SUPPLIED INFORMATION:
------------------------------
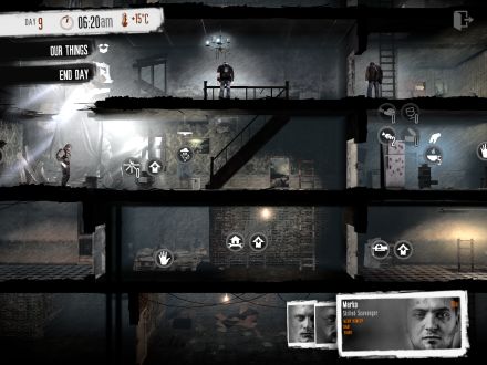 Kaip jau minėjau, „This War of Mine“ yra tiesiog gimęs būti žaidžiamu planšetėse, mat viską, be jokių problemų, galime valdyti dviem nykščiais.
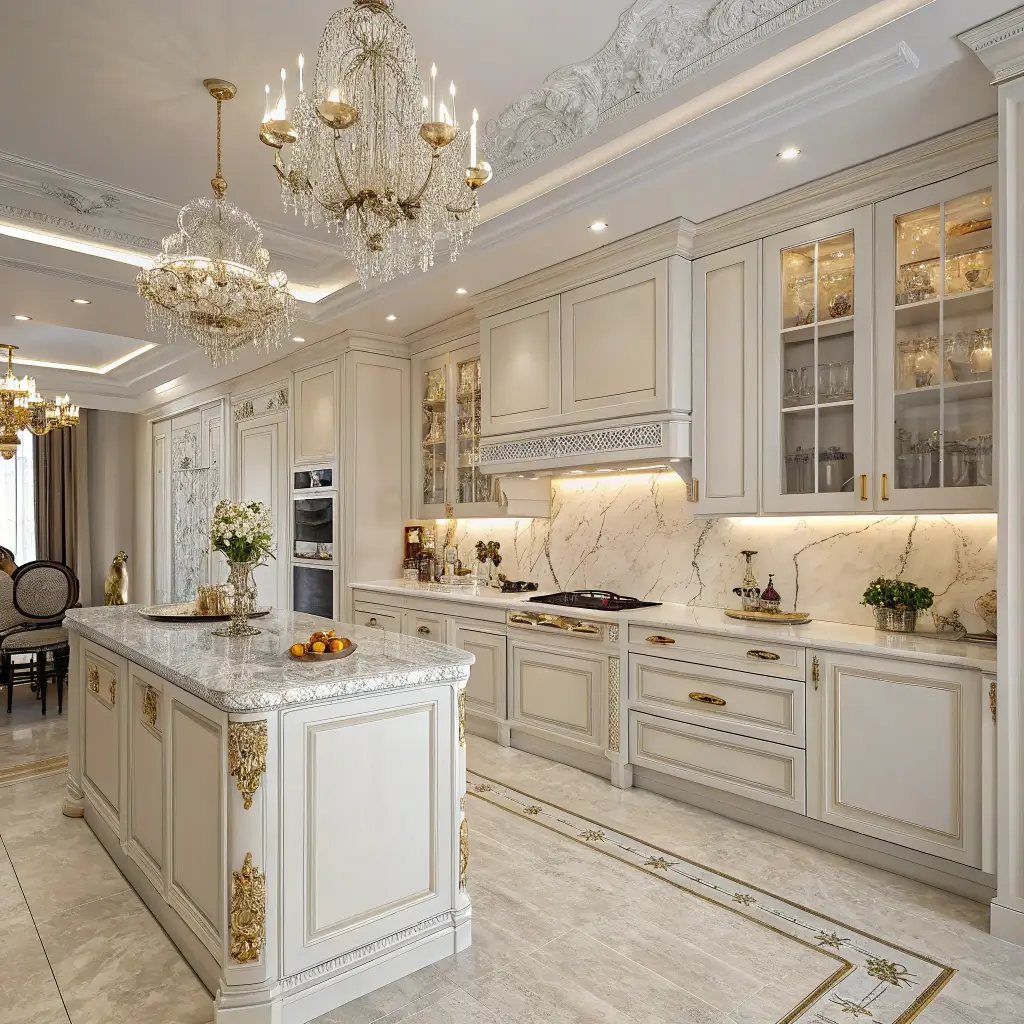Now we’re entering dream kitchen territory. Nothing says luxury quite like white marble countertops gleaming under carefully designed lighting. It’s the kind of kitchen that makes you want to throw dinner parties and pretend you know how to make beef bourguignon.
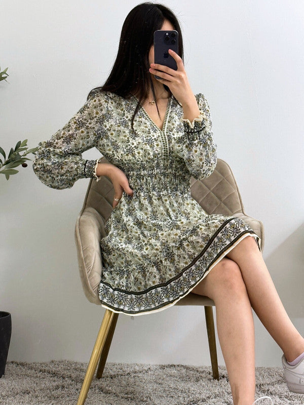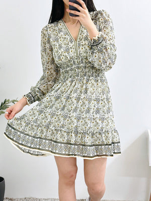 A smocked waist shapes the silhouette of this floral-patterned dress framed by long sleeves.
------------------------------
In your copy of the listing above, reproduce each line exactly and omit all pictures.

 Kaip jau minėjau, „This War of Mine“ yra tiesiog gimęs būti žaidžiamu planšetėse, mat viską, be jokių problemų, galime valdyti dviem nykščiais.
Now we’re entering dream kitchen territory. Nothing says luxury quite like white marble countertops gleaming under carefully designed lighting. It’s the kind of kitchen that makes you want to throw dinner parties and pretend you know how to make beef bourguignon.
 A smocked waist shapes the silhouette of this floral-patterned dress framed by long sleeves.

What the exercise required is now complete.